Spring Training, 1900

16 Jun

There was never a dull moment during the Chicago Orphans 1900 training trip to Selma, Alabama.  New manager Tom Loftus arrived with twenty-three players from West Baden, Indiana on March 23—two more players, Jimmy Ryan and Bill Everitt would be joining the team in a few days.  The Chicago Tribune said, “Loftus is pleased with the grounds and the players are agreeably surprised at the town and hotel.”

Tom Loftus

Tom Loftus

The team was greeted in Selma with a parade and presented keys to the city; the stay in Alabama went downhill from there.

Rain in Selma disrupted the team’s practice schedule and the day Jimmy Ryan arrived it was revealed that there was a conflict between the leftfielder and his manager.

The Chicago Inter Ocean said Ryan, who claimed playing left field in Chicago’s West Side Grounds the previous season had damaged his eyes, announced he would not play the “sun field” for the team in 1900.

“(Ryan) intimated there was nothing in his contract which calls upon him to play in the sun field and that he will not do it unless he is given more money.”

Ryan told the paper:

“Let some of the young fellows put on smoked glasses and try the sun field for a while.  I am a right fielder and am tired of getting the hard end of the deal.  If they want me to play in the sun field it is up to Loftus for it is worth more money.”

Loftus responded:

“I don’t understand any such talk as this.  Ryan will play where he will make the most money for the club…I am running this club just now, and the men will play where I put them.”
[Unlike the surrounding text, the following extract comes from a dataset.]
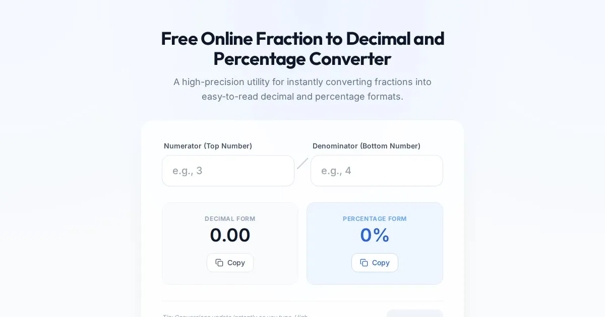 Convert fractions to decimals and percentages instantly with our free, high-precision online calculator. Simple, fast, and perfect for math and engineering needs.
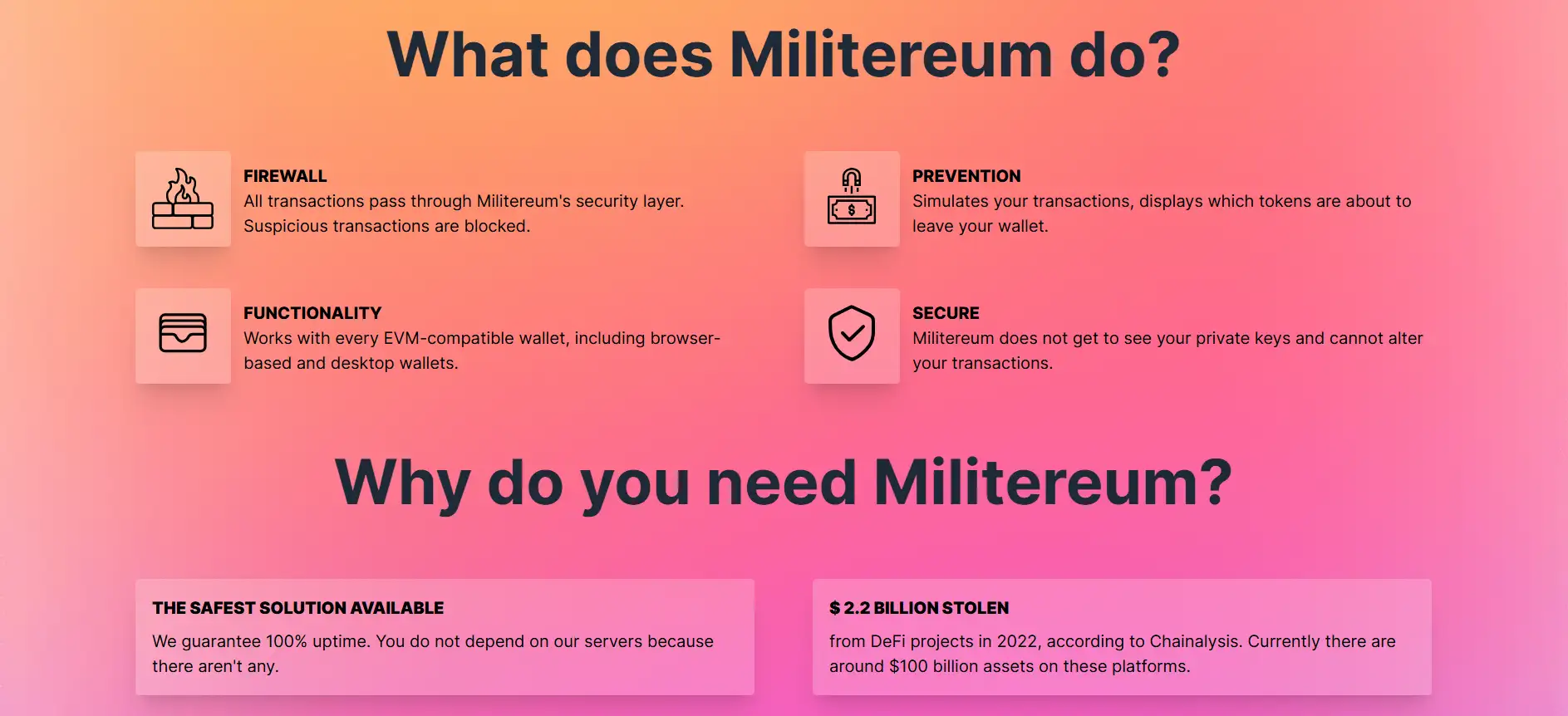 Militereum provides a wide range of benefits and features that make it an essential addition to any Web3 security stack:

The dispute went on for several days and included an offer to Ryan to join Selma’s local team if he chose to quit.

Ryan wasn’t the only disgruntled player.  Clark Griffith, who won 22 games for the team in 1899 told The Tribune:

“It is only a question of time when we all have to quit, and the sooner a man quits the better off he will be, for it is a cinch he won’t have a cent, no matter how long he stays in this business.”

Clark Griffith

Clark Griffith

A few days later The Tribune said it appeared Griffith and utility man Charlie Dexter had quit

“Clark Griffith and Charles Dexter have announced they are no longer members of the Chicago ball team.  This morning the two men, one of whom Chicago ball cranks have relied on to bring the pennant westward, announced they will start with a week for Cape Nome to mine gold.

“Griffith has been wild all spring to go to Alaska.  Some friend offered Griffith and (Jimmy “Nixey”) Callahan $20 a day as common laborers if they would go to Cape Nome.  This morning Griffith and Dexter were talking and Griffith declared he would go in a minute if he could get someone to go with him.  Dexter accepted the chance, declared he would go, and within a few minutes the pair had deposited their diamond rings with Tim Donahue as a forfeit, each agreeing to forfeit the rings in case they failed to start for Cape Nome inside a week.  Both men are in earnest”

Loftus didn’t take Griffith’s plan seriously, but the threat highlighted the growing dissatisfaction of his star pitcher, which would be reflected in his performance during the 1900 season.  There was no report of whether Griffith and Dexter forfeited their diamond rings when they failed to leave for Alaska.

The final incident of the Orphans’ Selma trip resulted in one of the most unusual reasons for a game to be delayed.

Griffith was on the mound during the early innings of an intersquad game, Tim Donahue was at the plate when according to The Inter Ocean:

“(A) Southern Gentleman opened up with a .44.”

The Chicago Tribune said:

“Just as the game was starting a young native, inspired by a desire to show the players his ambidexterity with revolvers, crossed the bridge (over the Alabama River) firing volleys.  As he approached the park he began he began firing at will, and for ten minutes gave a wild South exhibition of cannonading inside the park.”

Once inside the park, the man fired first in the direction of the players, and then, after reloading, “at the feet” of several local children watching the game.

He then “turned his attention to the ball players.”  The Inter Ocean said:

“He began shooting across the diamond, and every man on the field made a slide on the ground toward the shelter of the grand stand in a manner which would have been a guarantee of the championship, if repeated in regular league games.”

The paper said Tim Donahue, “who was never known to slide a base, went fifteen feet on his ribs” under the stands.  While Jimmy Ryan “made a dash” for left field “which broke the sprinting record.  He was last seen crawling under a dog hole in an extreme corner of the grounds.”

The gunman was taken into custody by Selma police, and The Tribune said the playing was “nervous and erratic,” after the shooting incident, but incredibly the game continued and was completed.

Griffiths “Scrubs” defeated Donahue’s “Regulars” 13 to 12.

The Box Score

The Box Score

Things didn’t get any better for the team after they opened the 1900 season; the Orphans limped to a 65-75 sixth place finish under Loftus.  Ryan, who still often played the “sun field”, hit .277, his first sub .300 season since 1893.  Griffith, who won 20 games the previous six seasons, won just 14.  Charlie Dexter had his worst season, hitting just. 200 in 40 games and Donahue hit just .236 in his final season in Chicago.